The Hillside Board then sought judicial review by prerogative writ (certiorari), see N.J. Const. Art. 6, sec. 5, par. 4. From the time of the first rules of September 15, 1948, prerogative writ review of the final decision or action of any State Administrative Agency was in the Superior Court, Appellate Division, initiated by "notice of appeal", although that step took the matter into a court from the Executive Branch for the first time. See Rule 3:81-8 (1948). That practice remains the same, N.J. Court Rule R. 2:2-3(a)(2) (1983).

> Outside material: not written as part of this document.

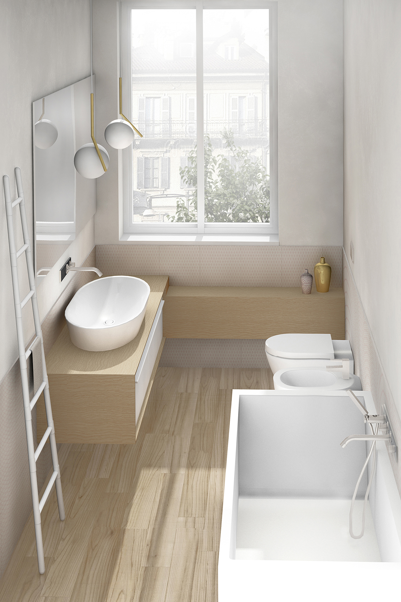 L’appartamento si trova al quinto piano di una stabile signorile degli anni '60 e presenta un interessante impianto distributivo risalente ad un progetto degli anni '80, caratterizzato da setti diagonali, pedane e gradini di raccordo tra gli ambienti . Il nostro progetto ha voluto salvaguardare il più possibile questo impianto distributivo seppur nel rinnovo completo dei materiali e delle finiture maggiormente in linea con i gusti e lo stile di vita dei clienti: una giovane coppia con una bambina.

In an unpublished opinion, the Part that heard the matter then ruled that a de facto imbalance invoked the remedial jurisdiction of the Commissioner and the State Board, as a matter of New Jersey law, citing Booker v. Plainfield, etc., 45 N.J. 161, 212 A.2d 1 (1965). That case, while noting that Brown v. Board of Education, 347 U.S. 483, 74 S. Ct. 686, 98 L. Ed. 873 (1954) did not deal with "de facto" segregation, and while noting that federal judges as of 1965 were in disagreement on the matter as a question of federal law, saw no obstacle to dealing with the problem as a matter of State law and policy, which may extend beyond the boundaries of federal law.
The court pointed to N.J. Const., 1947, Art. 1, par. 5, declaring that:
"No person shall * * * be segregated * * * in the public schools because of * * * race * *."
Thus, the Appellate Division affirmed the State Board and further review was sought by petition to the Supreme Court of New Jersey for certification and by notice of appeal, but both were denied June 8, 1982, see Herring v. Fenton, 531 F. Supp. 937 (D.N.J. 1981), discussion at pp. 944-945.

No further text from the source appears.